<<<<

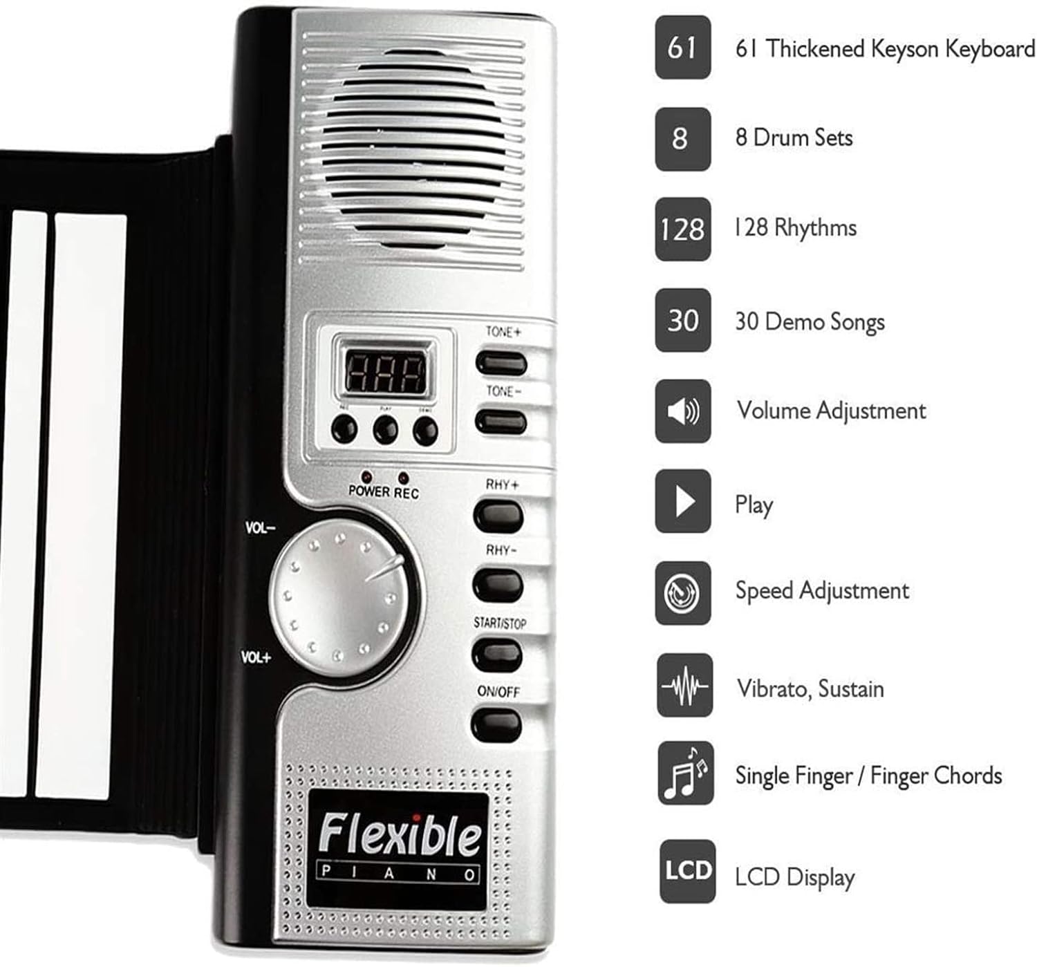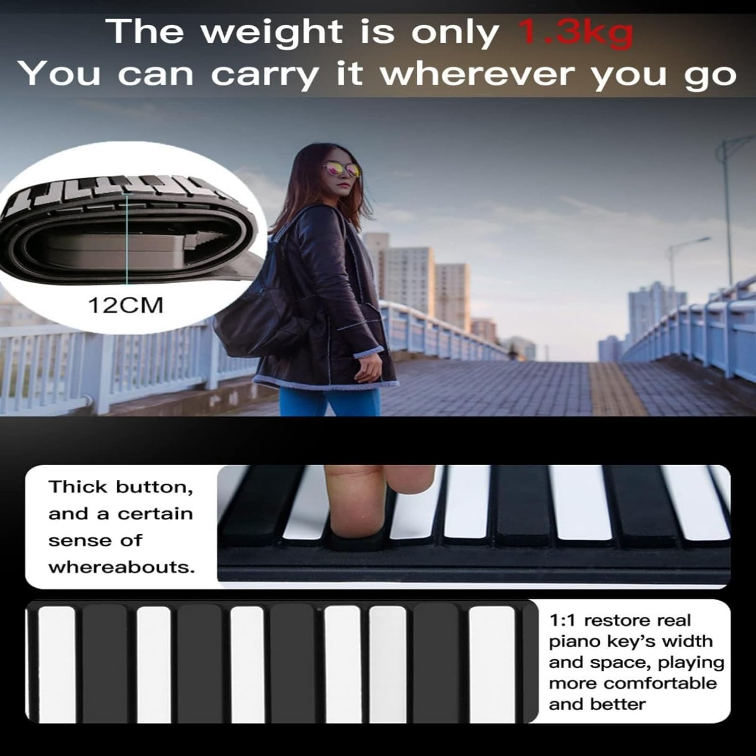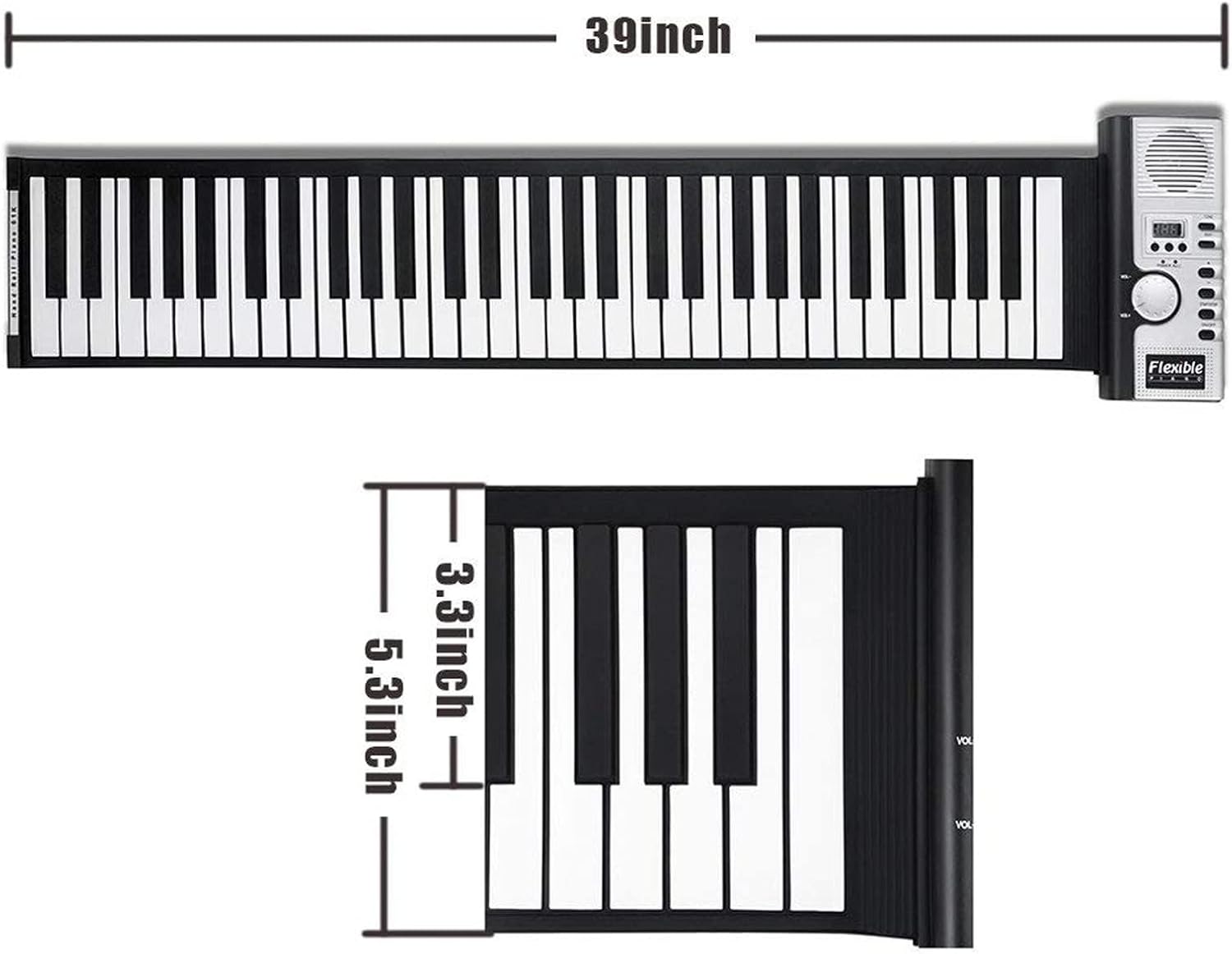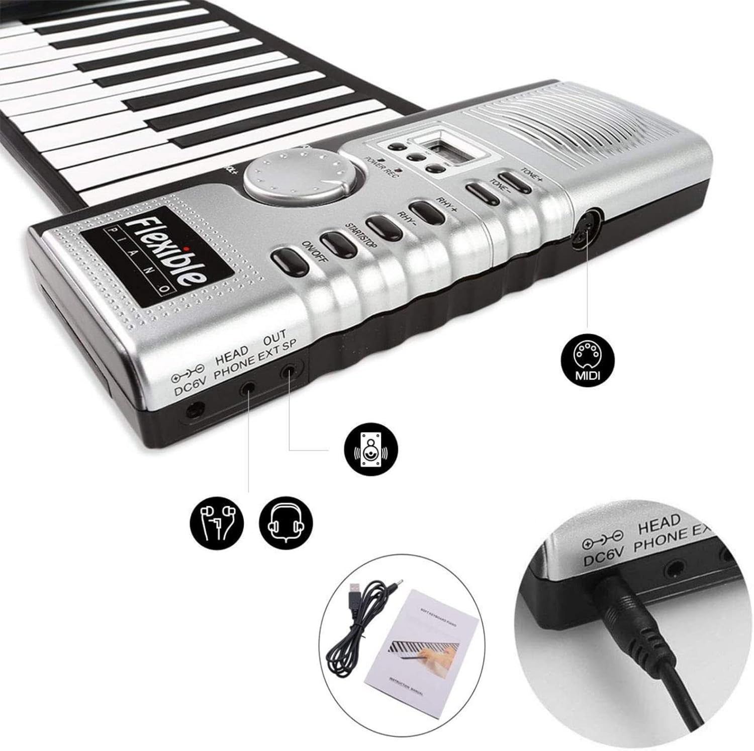Nuovo di zecca e suono nitido: abbiamo aggiornato il nostro pianoforte in base al feedback dei clienti. Ora, questo pianoforte a 61 tasti suona in modo molto nitido e vivace, facendoti sentire come un vero pianoforte. Perfetto per bambini/adulti. Multifunzionale: 128 suoni sintetici diversi, altoparlante integrato, uscita MIDI USB, suono standard internazionale, 100 ritmi diversi da riprodurre, 40 brani demo disponibili e la più recente tecnologia di chip MIDI. Il miglior regalo: piccolo, arrotolabile, facile da trasportare, così puoi esercitarti con le dita sempre e ovunque. Uno strumento divertente che puoi usare per far amare la musica ai bambini. Regala subito ai tuoi amici e bambini un bel regalo di Natale o di compleanno. Alta qualità: questa porta a rulli standard a 61 tasti è di alta qualità con tastiera in silicone ambientale, non tossica, resistente all'usura, morbida e durevole e ha ottenuto la certificazione di qualità del prodotto FCC. Design adatto: dimensioni 89 cm x 17 cm x 0,7 cm, può essere alimentato tramite adattatore DC 5 V e 4 batterie AA (non incluse), con un tempo di riproduzione fino a 12-15 ore.
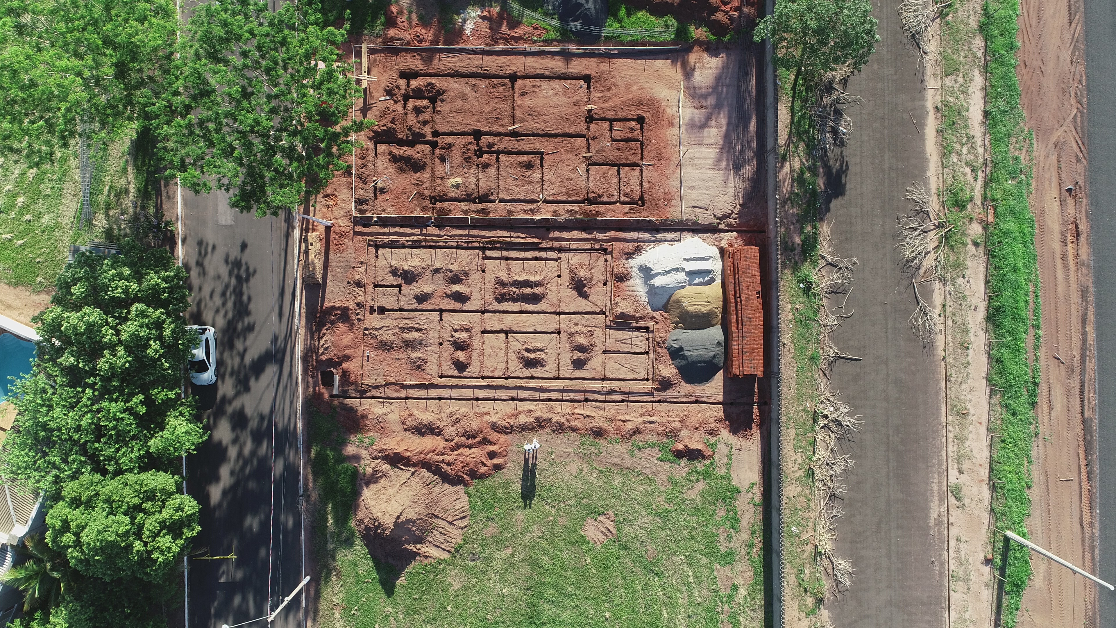 Transferência do projeto ao campo — fundações, eixos, cotas e alinhamentos.
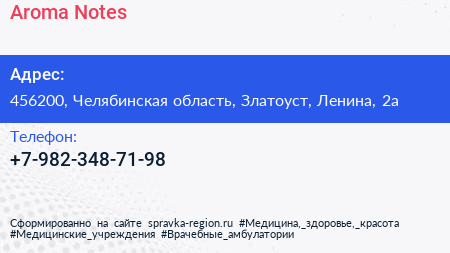 Aroma Notes по адресу 456200, Челябинская область, Златоуст, Ленина, 2а в дальнейшем Организация, размещена в следующих категориях:
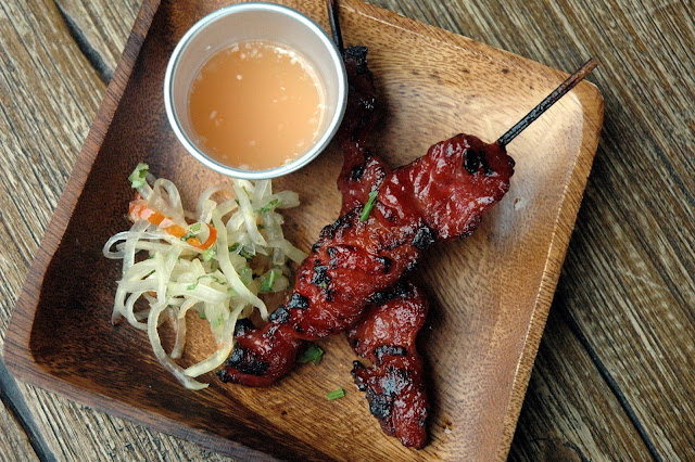 The Bulaklak Skewers (P 95/2 Sticks) takes the traditional chicharon bulaklak and gives it a barbecue makeover for another tasty side pairing perfectly with a cold beer. The soft and tender ruffled fat of the pork innards release a savory richness that line your palate followed by the light crispness of the charred outer layer for both contrast and flavor. The spicy vinegar dip and homemade atchara cleanses the palate and tempers the richness, and you're good to go for another flavorful bite.
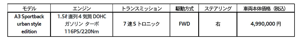 アウディ ジャパンは2025年12月9日、プレミアムコンパクト「A3 Sportback」の限定モデル「A3 Sportback urban style edition」を発売した。500台限定で販売される。
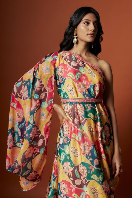 Multi color one-shoulder dress featuring a draped silhouette with floral prints and sequin embroidery. Comes with a matching belt for added style.
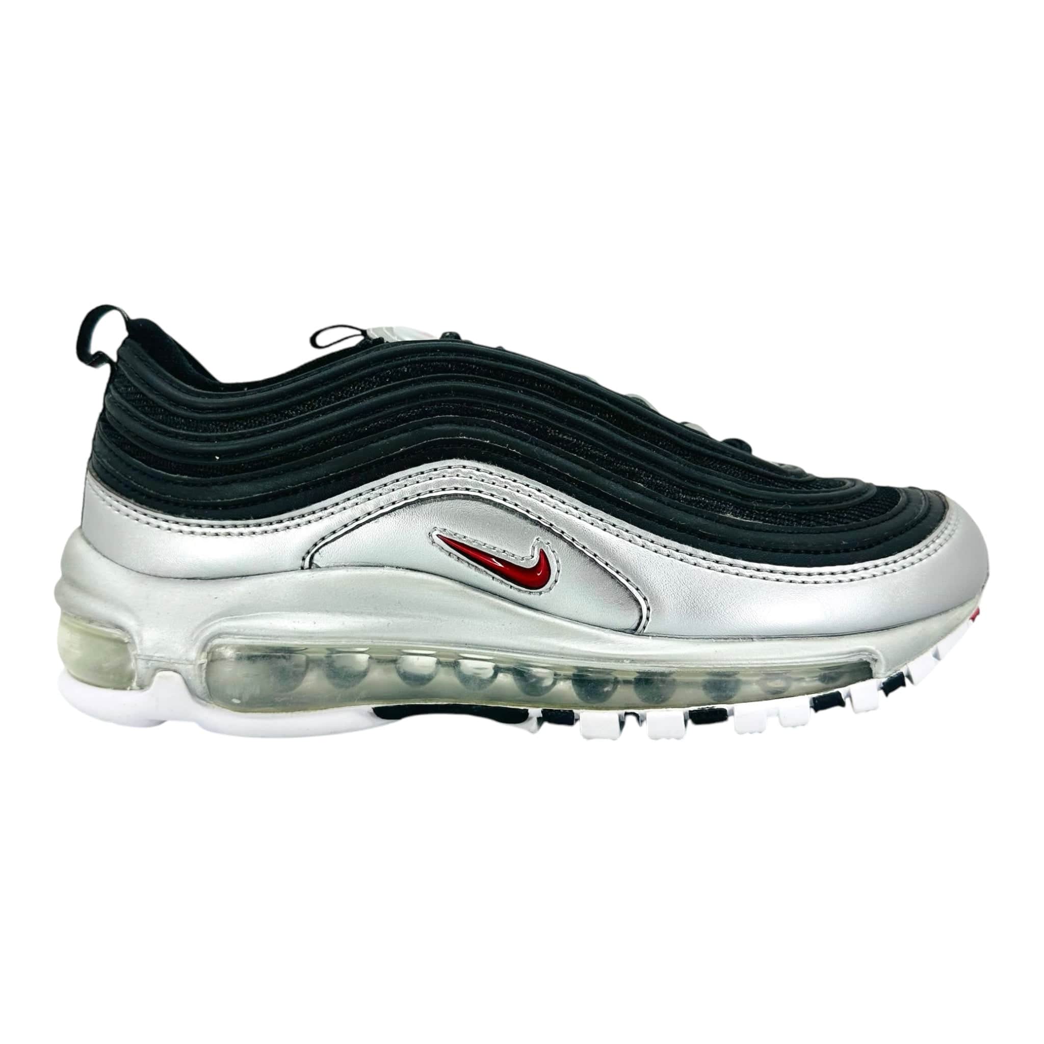 Water droplets and Japanese trains inspired the Nike Air Max 97 Silver Black. This retro, running-inspired design comes in a black/Varsity-Red/Metallic-Silver/white colorway. The shoe gets its signature look from reflective piping and wavy design lines.
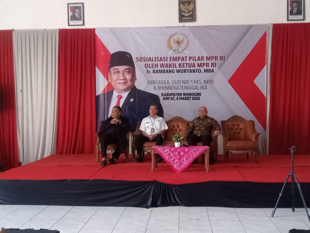 Wonogiri Indept Jateng.My.Id — Wakil Ketua MPR RI Ir. Bambang Wuryanto, M.B.A melakukan kunjungan kerja ke Kabupaten Wonogiri dengan menggelar sosialisasi Empat Pilar MPR RI kepada masyarakat dan penyelenggara pemilu. Kegiatan tersebut berlangsung di Rumah Makan Sayem, Dusun Manggis, Desa Ngadirojo Kidul, Kecamatan Ngadirojo, Jumat (6/3/2026) sekitar pukul 10.00 WIB. Kegiatan yang diikuti sekitar 500 […]
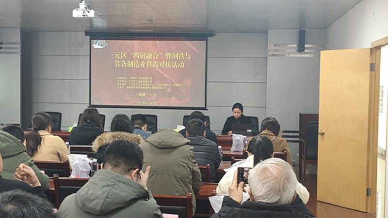 2026年2月,为深入贯彻落实创新驱动发展战略,推动区域工业经济高质量发展,三元区工业和信息化局精心策划并成功组织了两场次的三元区“四链融合”暨供需对接活动。活动分别聚焦钢铁与装备制造产业及工业行业,通过线上线下相结合的创新模式,旨在进一步宣传三元区优势产业,精准匹配产业链上下游供需,深化协作配套,助力企业开拓市场、增产增效。 本次活动得到了三明市工业和信息化局、三元区工业和信息化局的大力支持和悉心指导,由三元区中小企业服务中心、中国银行三元支行、福建省君诺科技成果转化服务有限公司具体承办。活动以推动产业链、创新链、资金链、人才链“四链”深度融合为核心,致力于打通产业发展的关键环节,为区域经济注入新动能。

>>>>

● **Task details**
From the records above, give again only the part that opens with the line containing "アウディ ジャパンは2025年12月9日、プレミアムコンパクト「A3 Sportback」の限定モデル「A3" and closes with the line containing "Wonogiri Indept Jateng.My.Id". Keep both ends but drop the pictures.

● **Output**
 アウディ ジャパンは2025年12月9日、プレミアムコンパクト「A3 Sportback」の限定モデル「A3 Sportback urban style edition」を発売した。500台限定で販売される。
 Multi color one-shoulder dress featuring a draped silhouette with floral prints and sequin embroidery. Comes with a matching belt for added style.
 Water droplets and Japanese trains inspired the Nike Air Max 97 Silver Black. This retro, running-inspired design comes in a black/Varsity-Red/Metallic-Silver/white colorway. The shoe gets its signature look from reflective piping and wavy design lines.
 Wonogiri Indept Jateng.My.Id — Wakil Ketua MPR RI Ir. Bambang Wuryanto, M.B.A melakukan kunjungan kerja ke Kabupaten Wonogiri dengan menggelar sosialisasi Empat Pilar MPR RI kepada masyarakat dan penyelenggara pemilu. Kegiatan tersebut berlangsung di Rumah Makan Sayem, Dusun Manggis, Desa Ngadirojo Kidul, Kecamatan Ngadirojo, Jumat (6/3/2026) sekitar pukul 10.00 WIB. Kegiatan yang diikuti sekitar 500 […]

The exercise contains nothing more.